Abstract
Motivation: An accurate genome assembly from short read sequencing data is critical for downstream analysis, for example allowing investigation of variants within a sequenced population. However, assembling sequencing data from virus samples, especially RNA viruses, into a genome sequence is challenging due to the combination of viral population diversity and extremely uneven read depth caused by amplification bias in the inevitable reverse transcription and polymerase chain reaction amplification process of current methods.
Results: We developed a new de novo assembler called IVA (Iterative Virus Assembler) designed specifically for read pairs sequenced at highly variable depth from RNA virus samples. We tested IVA on datasets from 140 sequenced samples from human immunodeficiency virus-1 or influenza-virus-infected people and demonstrated that IVA outperforms all other virus de novo assemblers.

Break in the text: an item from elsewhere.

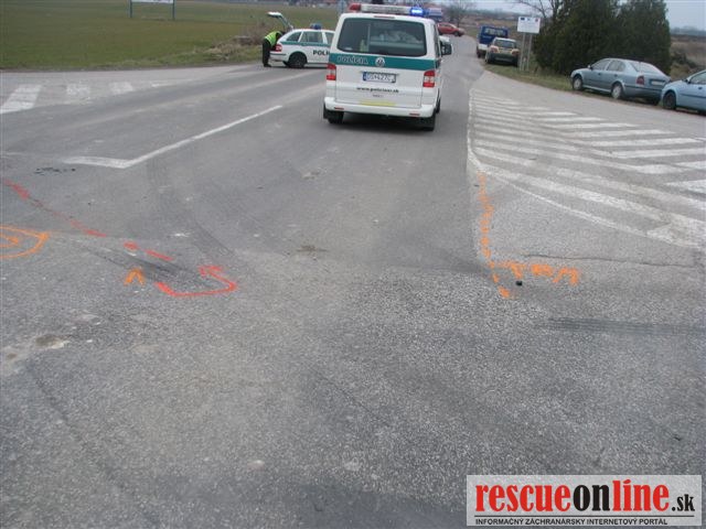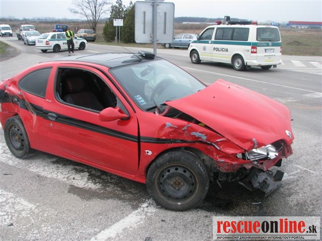 KRPZ Trnava |MM| V utorok o 14.00 h došlo na križovatke pri obci Kostolné Kračany (okr. Dunajská Streda) k dopravnej nehode medzi osobným autom Renaul Megane a Škoda Fabia. 23 ročný vodič Renaultu z obce Horný Bar pravdepodobne nerešpektoval dopravnú značku „Stoj, daj prednosť v jazde“ a vošiel do dráhy po hlavnej ceste prichádzajúcej Fabie. V dôsledku zrážky došlo k zraneniu 58 ročnej vodičky Škody Fabia z Orechovej Potône, s predpokladanou dobou liečby nad 6 týždňov. Mladý vodič utrpel otras mozgu a do týždňa by mal byť vyliečený. Dopravná nehoda sa zaobišla bez alkoholu. Presné príčiny a okolnosti dopravnej nehody polícia vyšetruje. Zároveň apelujeme najmä na mladých a neskúsených vodičov, aby jazdili opatrne a rešpektovali dopravné značenie a dopravné predpisy.
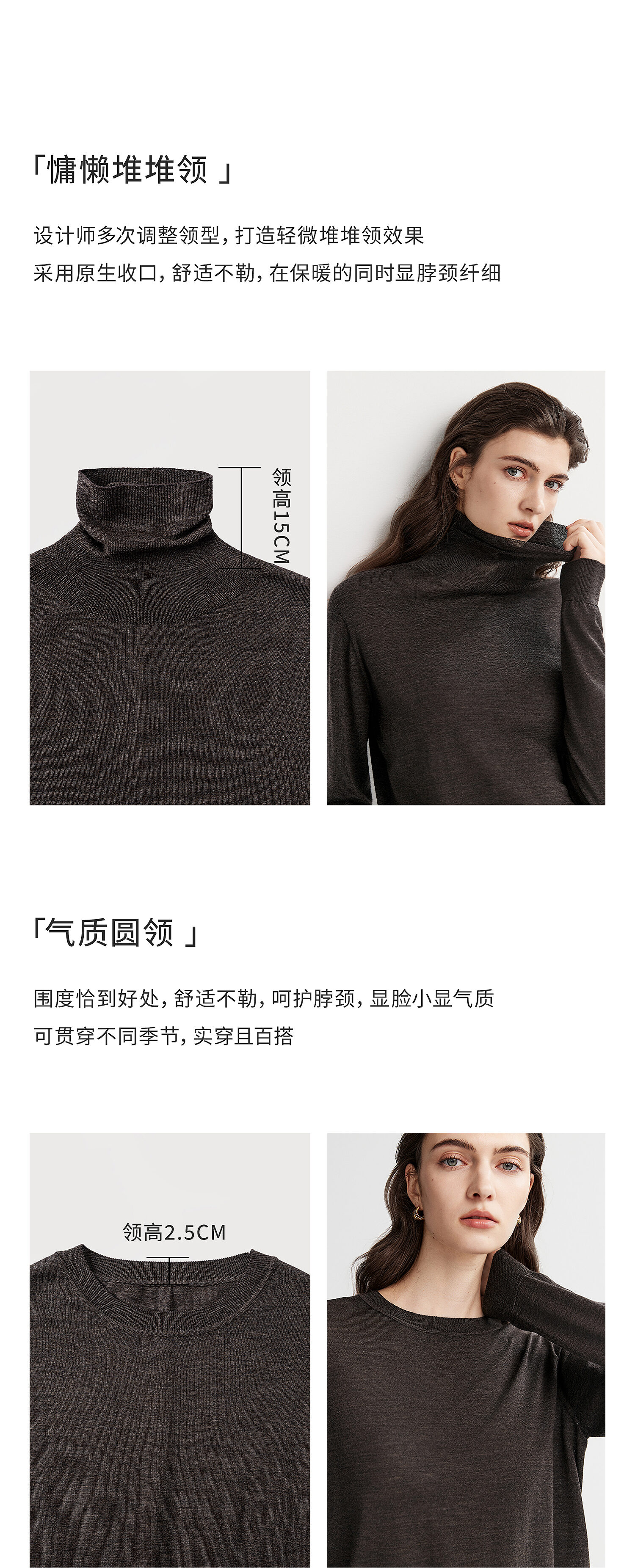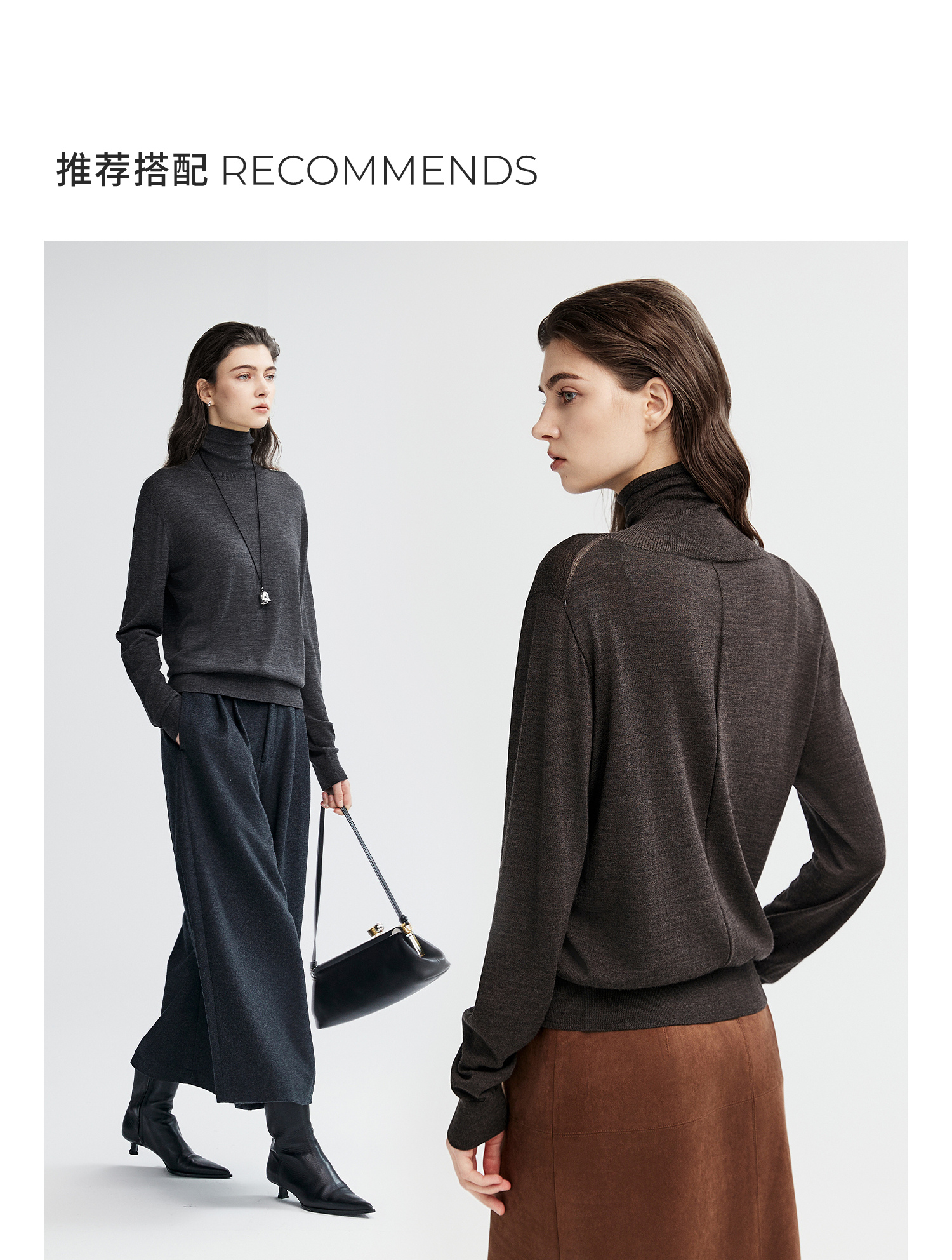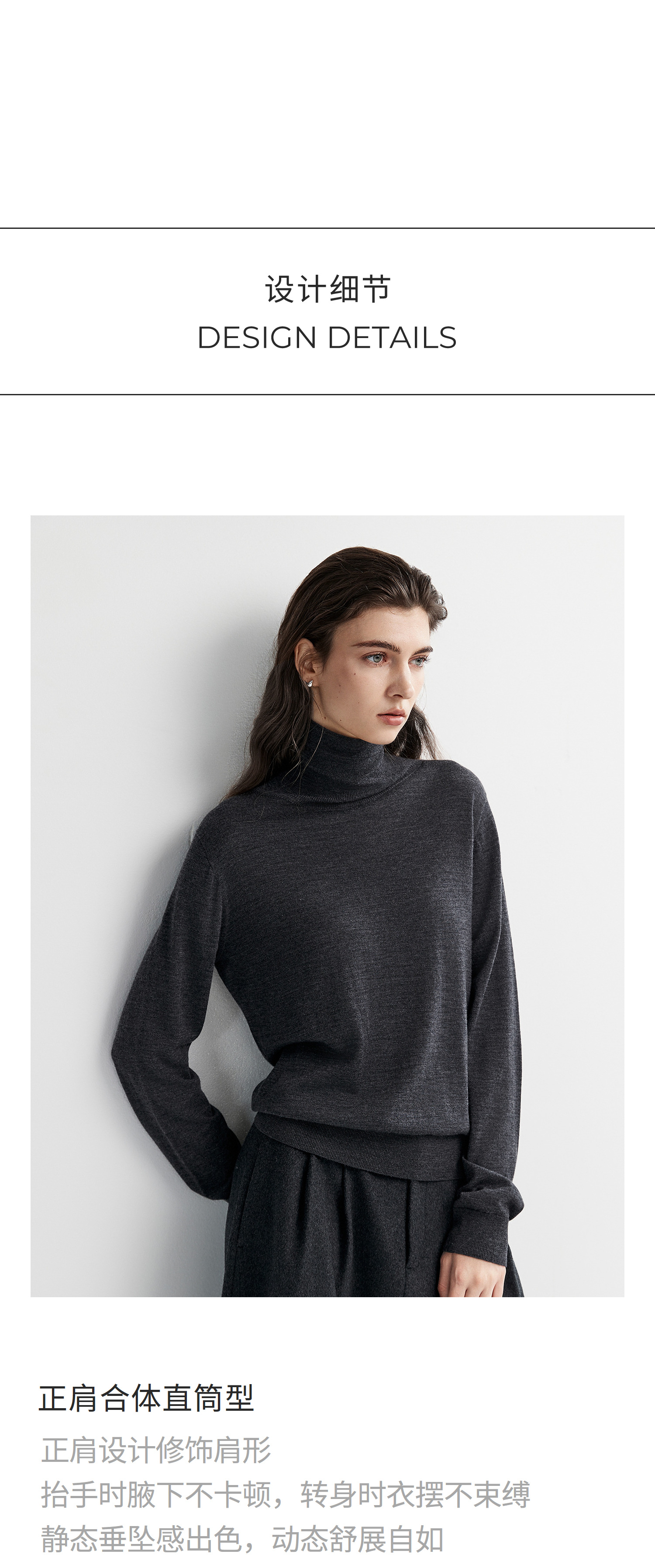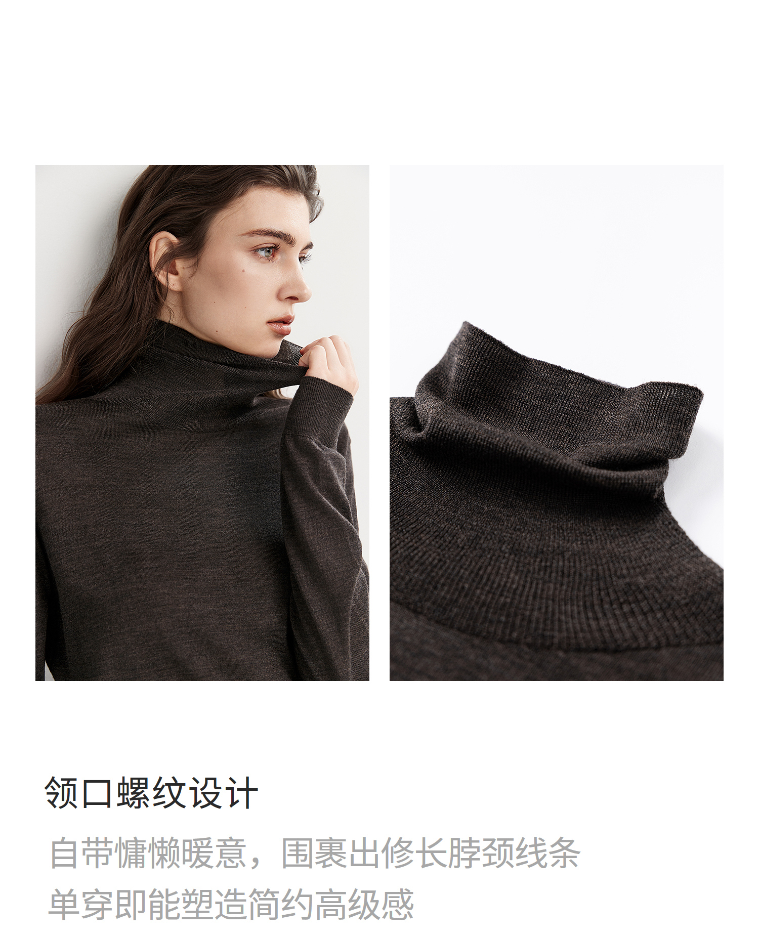 棉仓366635006-120s全羊毛静奢风可机洗毛衣女5秋新品正肩合体高领毛针织衫

Availability and implementation: The software runs under Linux, has the GPLv3 licence and is freely available from http://sanger-pathogens.github.io/iva
Contact: iva@sanger.ac.uk
Supplementary information: Supplementary data are available at Bioinformatics online.
1 Introduction
The main challenge of assembling sequence data from an RNA virus sample into a consensus sequence lies in the extremely variable read depth from current sequencing approaches combined with the extensive viral population diversity. An example is shown in Figure 1 where regions of the genome are represented with different read depths, caused by the separate reverse transcription polymerase chain reaction amplification of overlapping regions of the genome before library preparation. Further, there is a relatively high rate of single base differences in the reads throughout the genome. These properties of the data cause standard assembly algorithms to produce multiple contigs covering the same region and, more significantly, miss regions of the genome entirely (Yang et al., 2012).
Fig. 1.

Example HIV-1 assemblies. Plots show the proportion of single base differences per mapped read compared to the IVA contig, the read depth and contigs from PRICE, Trinity and VICUNA aligned to the single IVA contig. The minimum read depth is 63
Despite the availability of at least 40 genome assemblers (http://en.wikipedia.org/wiki/Sequence_assembly), VICUNA (Yang et al., 2012) and PRICE (Ruby et al., 2013) are currently the only assemblers designed for virus data. VICUNA tackles the assembly problem by first clustering the reads that should belong to the same contig, using min hashes to infer similarity. Contigs are generated and then merged to form the final output. PRICE begins with seed sequences, which are iteratively extended by generating new sequence from local assemblies of reads at contig ends. In addition, the RNA-seq assembler Trinity (Grabherr et al., 2011) has been used to assemble virus data because it can handle irregular read depth. Trinity constructs de Bruijn graphs from clusters of the reads, then resolves each cluster into transcripts by tracing reads and their mates through the graphs.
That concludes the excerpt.